= Record excerpts =

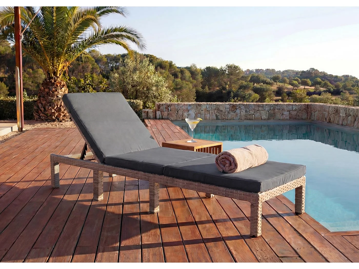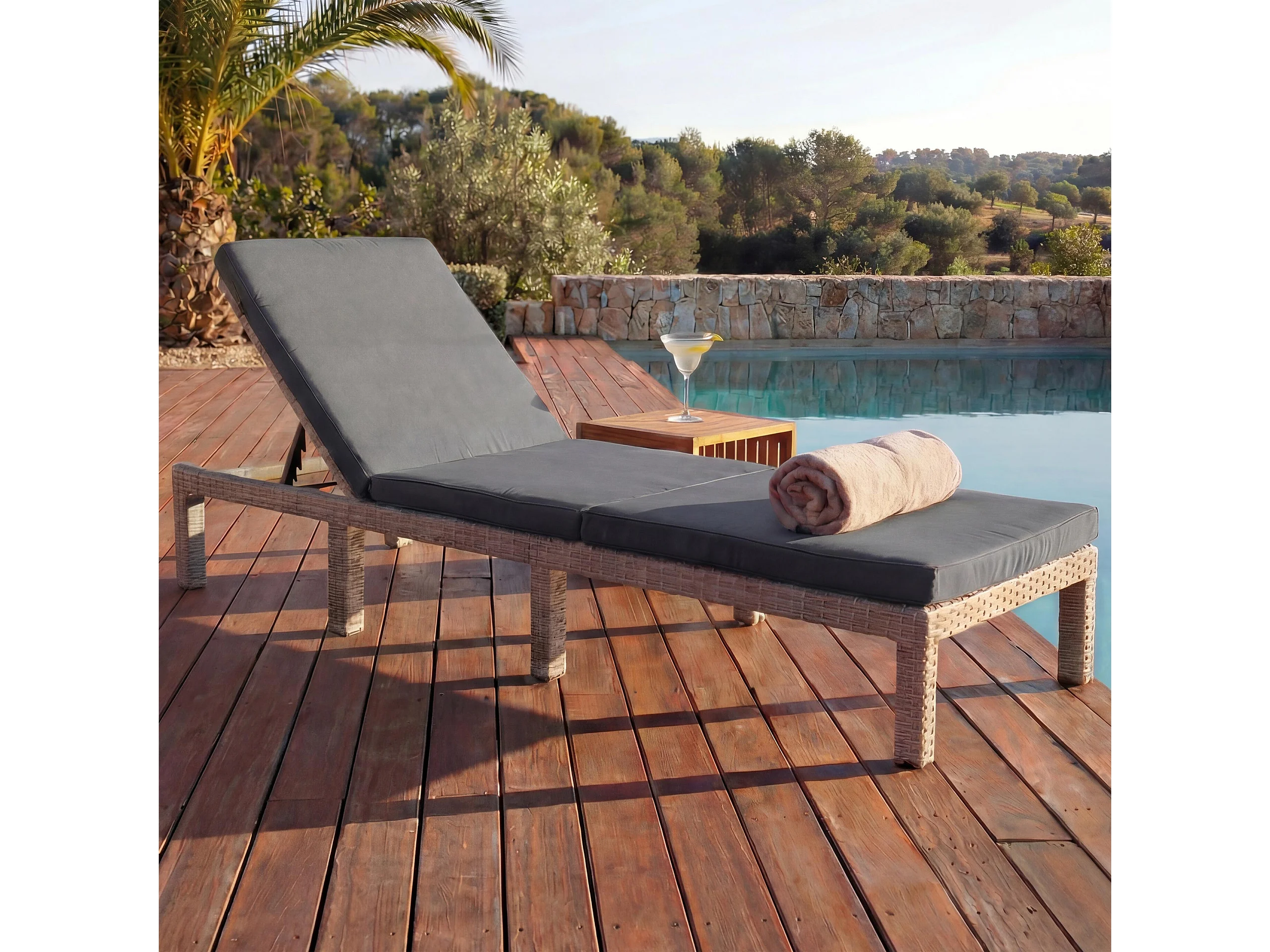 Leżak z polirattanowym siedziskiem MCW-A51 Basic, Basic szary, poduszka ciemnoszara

==

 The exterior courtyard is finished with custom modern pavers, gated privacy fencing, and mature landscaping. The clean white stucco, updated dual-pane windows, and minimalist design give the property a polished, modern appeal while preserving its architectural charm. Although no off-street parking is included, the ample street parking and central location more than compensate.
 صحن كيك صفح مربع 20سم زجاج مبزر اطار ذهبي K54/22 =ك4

= Brief =
In the listing above, find the line with "The exterior courtyard" and the line with "صحن كيك صفح". Output those two lines and every line between them, exactly as written.

= Exercise result =
 The exterior courtyard is finished with custom modern pavers, gated privacy fencing, and mature landscaping. The clean white stucco, updated dual-pane windows, and minimalist design give the property a polished, modern appeal while preserving its architectural charm. Although no off-street parking is included, the ample street parking and central location more than compensate.
 صحن كيك صفح مربع 20سم زجاج مبزر اطار ذهبي K54/22 =ك4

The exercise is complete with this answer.